What Every CPA Needs to Know When Advising Nonprofits in the Age of Artificial Intelligence

by Martin Medeiros, Buckley Law, P.C.

As artificial intelligence reshapes the operational and financial landscape of virtually every sector, nonprofit organizations are no exception. From AI-powered donor outreach platforms to automated grant management systems and machine-learning-driven financial forecasting tools, nonprofits are adopting AI at a rapid pace — often without fully understanding the legal and regulatory risks that follow. For CPAs advising these organizations, the stakes have never been higher.
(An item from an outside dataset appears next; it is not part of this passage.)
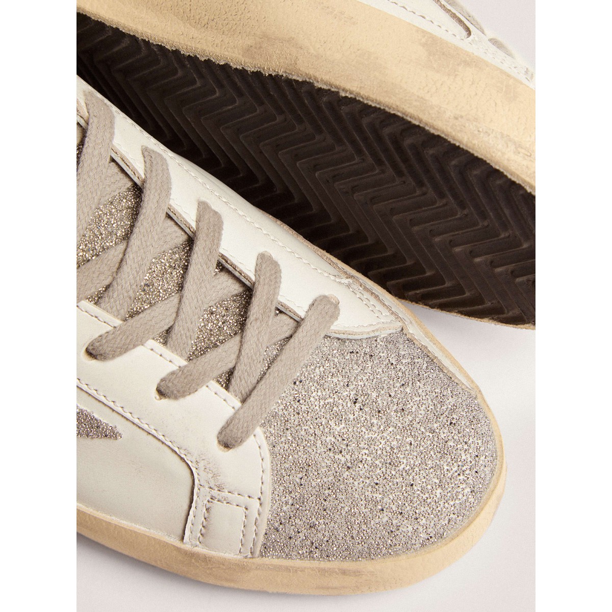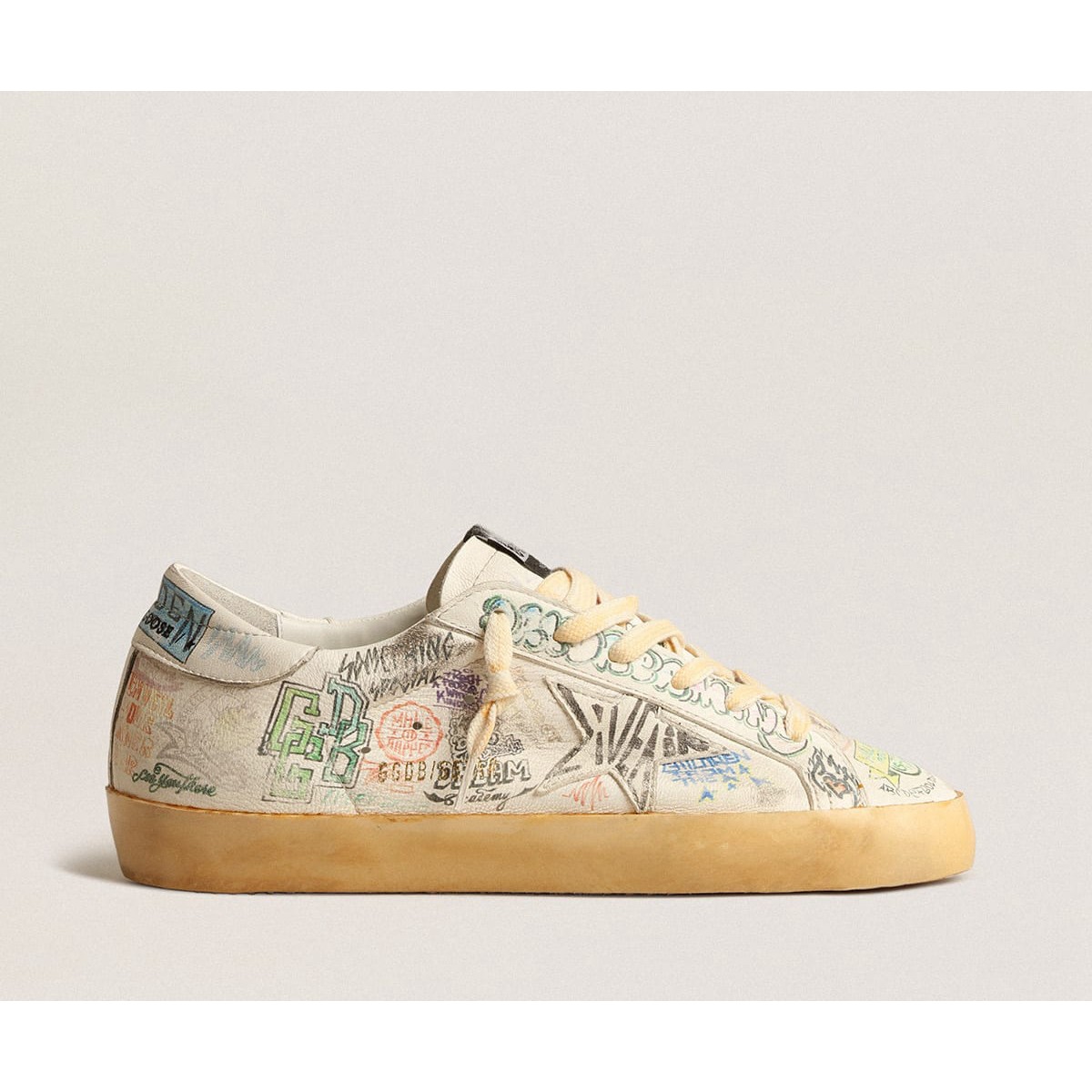 Un’icona senza tempo eppure è in continua evoluzione. A Golden, adoriamo prendere i nostri classici e rielaborarli sempre, sempre da una nuova prospettiva. Queste scarpe da ginnastica super star presentano una tomaia in pelle bianca e una linguetta per lingua, stella e tallone impreziositi da cristalli Swarovski. Il dettaglio di lettere Galvanic Silver Metal GGDB aggiunge il tocco finale.

This article surveys the key legal frameworks — tax law, fiduciary duty, employment law, data privacy, and emerging AI-specific regulation — that CPAs must understand when serving nonprofit clients. As an advisor to CPAs, bookkeepers and non-profits in Oregon and Washington, I write this overview not to alarm CPAs, but to equip you: the CPA who understands these intersections will become an indispensable advisor to the nonprofit community.

I. The Foundation: Tax-Exempt Status and the Risk of “Private Benefit” Through AI

The cornerstone of nonprofit law for CPAs is Internal Revenue Code IRC § 501(c)(3), which exempts organizations from federal income tax when they are organized and operated exclusively for charitable, religious, educational, or other qualifying purposes. The “private benefit” doctrine — rooted in Treas. Reg. § 1.501(c)(3)-1(d)(1)(ii) — prohibits a 501(c)(3) from operating for the benefit of private interests, even incidentally.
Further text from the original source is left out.